“His attitude was more or less, ‘I speak from experience, and you newbies are in for a serious spanking,’” said Gabby Warshawer, who covered the debate for the Brooklyn real estate blog Brownstoner.
Other parts of town, meanwhile, are still yearning for some of Mr. Chang’s frank perspective.
Residents in the Bronx were miffed when the developer skipped public meetings and instead sent an attorney to answer questions about his proposed Comfort Inn on Webster Avenue, a project that, critics fear—given its remote location and the neighborhood’s seedy lodging history—could devolve into an hourly rate motel or makeshift homeless shelter.
Even subsequent protests failed to persuade Mr.

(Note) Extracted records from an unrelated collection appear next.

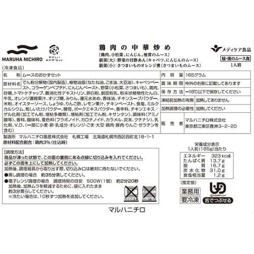 マルハニチロ食品 【冷凍】マルハニチロ やさしいおかずセット昼・夜のムース食 鶏肉の中華炒め  165g×6個 A065-6649
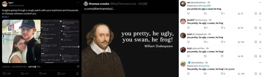 最有名的事件當屬外國美女博主YourKris告別男友貼,小紅書網友盡顯Chinglish(中式英語)造梗才華,一句“you swan he frog”(癩蛤蟆想吃天鵝肉)從內網火到外網,老外直呼“媲美莎士比亞”。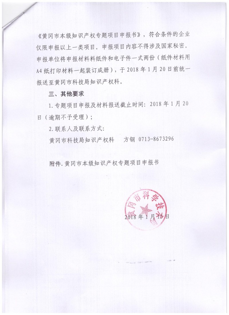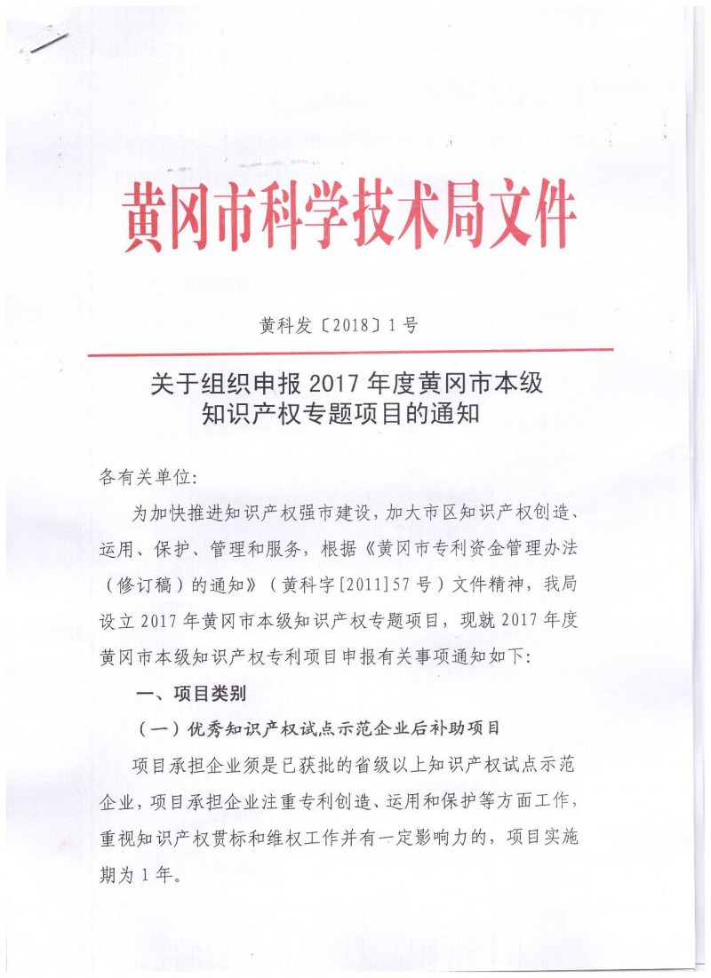 關(guān)于組織申報(bào)2017年度黃岡市本級(jí)知識(shí)產(chǎn)權(quán)專題項(xiàng)目的通知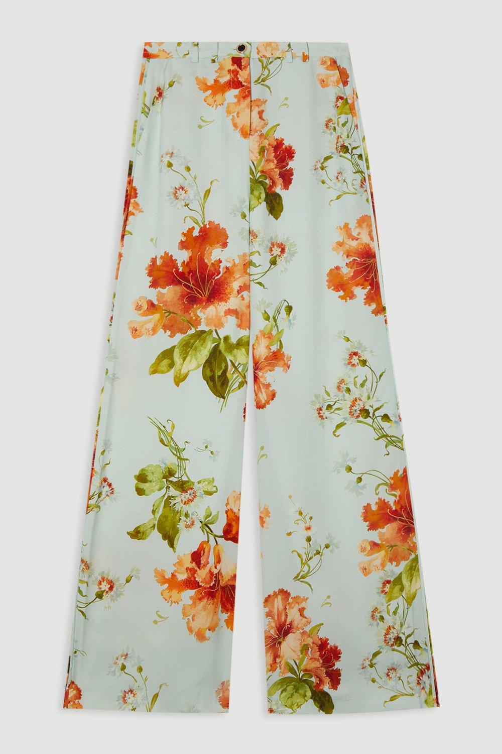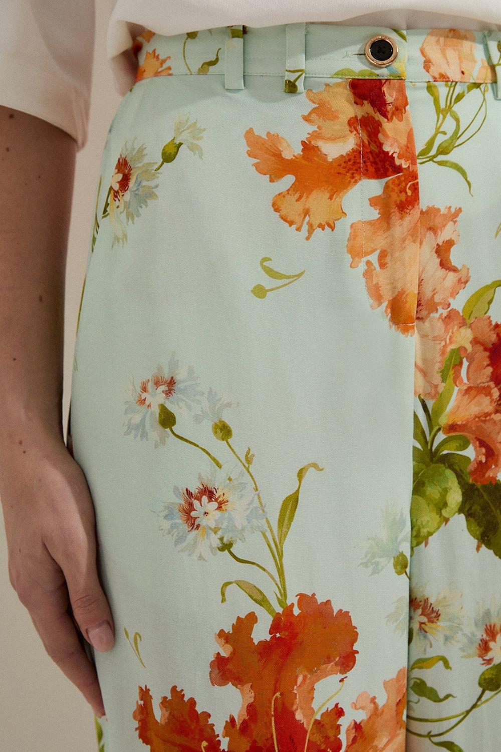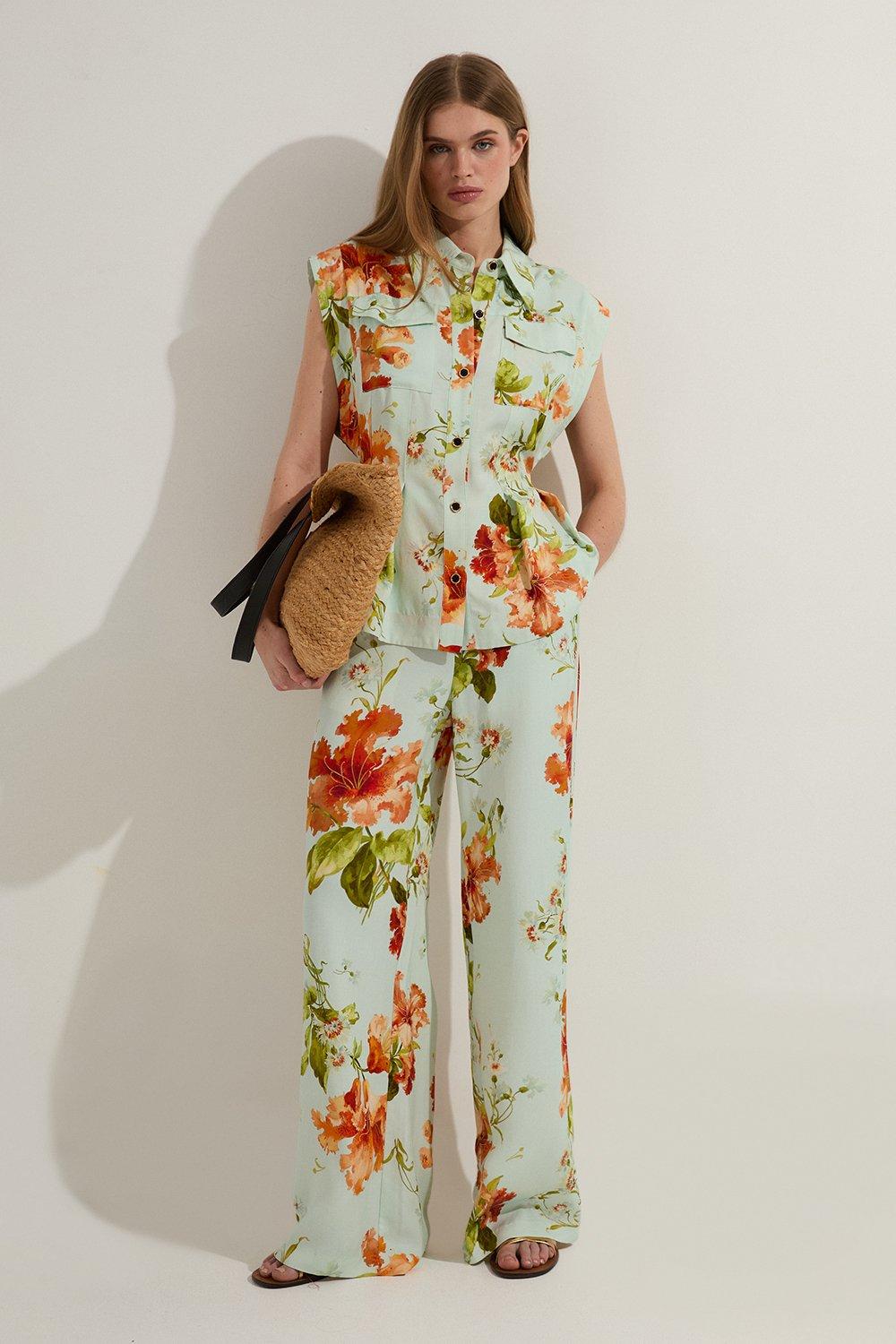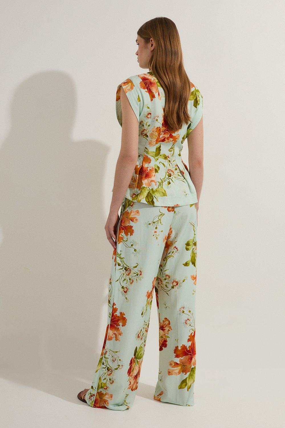 Premium Viscose Linen Floral Woven Straight Leg Trouser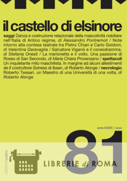 La rivista: «Il castello di Elsinore» è una rivista semestrale di teatro profondamente radicata nell'Università italiana. Nata nel 1988, la rivista raccoglie nel suo comitato scientifico quasi la metà degli ordinari di Storia del teatro in Italia e illustri studiosi di università straniere. La rivista è articolata in tre sezioni (talvolta quattro): la prima, intitolata Saggi, comprende rigorosi studi critici su personaggi e opere della storia del teatro e dello spettacolo; la seconda, Materiali, raccoglie e cura documenti, lettere e riflessioni di poetica; la terza, Spettacoli (e/o Libri), recensisce e analizza gli avvenimenti più significativi della stagione teatrale italiana e straniera. I temi di cui la rivista si occupa sono svariati e attraversano l'intera storia del teatro europeo, dal teatro greco alla Commedia dell'Arte, dal teatro rinascimentale italiano al teatro nordico di Ibsen e Strindberg, dal simbolismo europeo a Pirandello. INDICE DEL NUMERO 81/2020: SAGGI «...del pigliar la Dama per condurla al ballo con leggiadria». Danza e costruzione relazionale della mascolinità nobiliare nell'Italia di Antico regime, di Alessandro Pontremoli / Note intorno alla contesa teatrale tra Pietro Chiari e Carlo Goldoni, con il contributo di alcune epistole di Placido Bordoni al canonico Lodovico Ricci, di Valentina Garavaglia / «Un ballo senza ballo». Salvatore Viganò e il coreodramma, di Stefania Onesti / La marionetta e il volto. Una passione di Rosso di San Secondo, di Maria Chiara Provenzano / SPETTACOLI Un inquietante mito maschilista. Note in margine ad alcuni allestimenti de "Il costruttore Solness" di Ibsen, di Roberto Alonge / NECROLOGIO Roberto Tessari, un Maestro di una Università di una volta, di Roberto Alonge.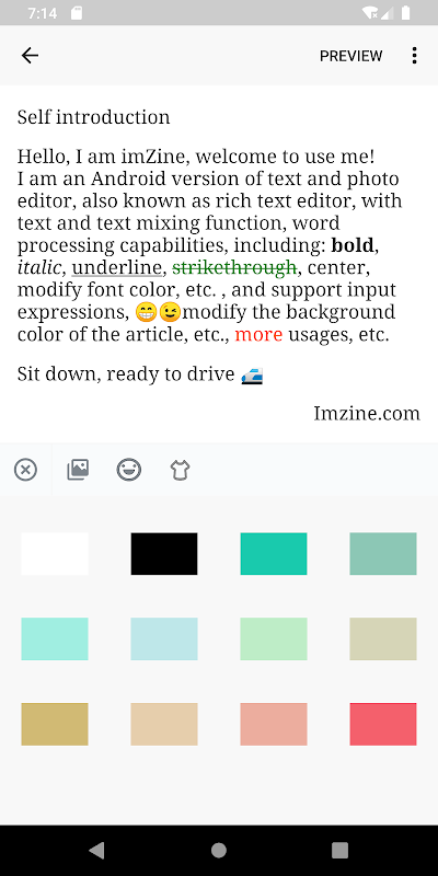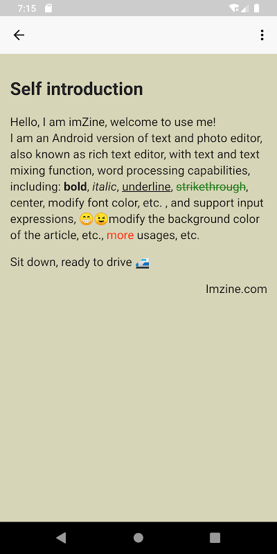 Saya adalah versi Android dari editor teks dan foto, juga dikenal sebagai editor teks kaya, dengan fungsi teks dan pencampuran teks, kemampuan pengolah kata, termasuk: tebal, miring, garis bawah, dicoret, tengah, memodifikasi warna font, dll., Dan dukungan masukan ekspresi, modifikasi warna latar belakang artikel, dll., lebih banyak penggunaan, dll.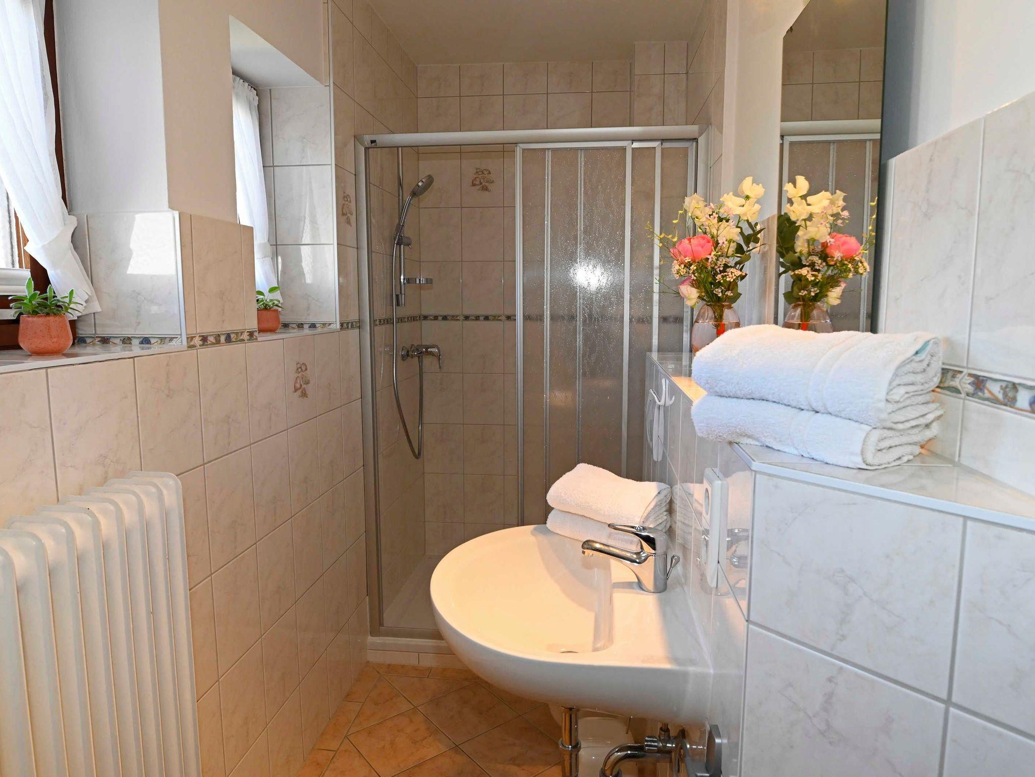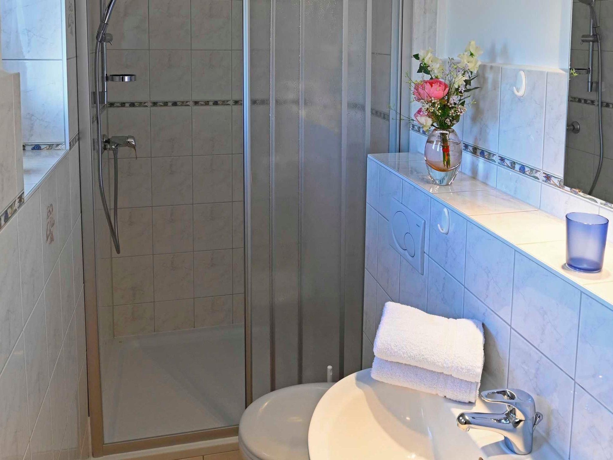 Ein Bad mit Dusche, WC, Waschbecken und Fön.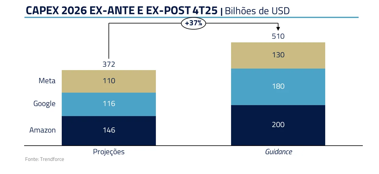 O reflexo da inflação de memória nos últimos meses começou a aparecer nas projeções de resultados das Big Techs. Para 2026, Google, Amazon e Meta projetam investimentos conjuntos de US$510 bi para 2026, um número bem acima do esperado antes da divulgação de resultados.

Chang to show up.
“When you’ve got the chairman of the Democratic Party, the borough president’s office, and the local city councilman all walking the picket line, saying, ‘Stop this hotel’—that would’ve been the ‘Aha!’ moment for me,” said Gregory Faulkner, chairman of the Bronx’s Community Board 7. “That would’ve been the time for me to go out there and meet with people.”
Next week, the board is scheduled to vote on a resolution expressing its opposition to Mr. Chang’s proposed hotel. Not that it stands much chance of ever stopping the McSam steamroller.
“It’s as-of-right,” Mr. Faulkner conceded, “so he’s perfectly able to build without us.”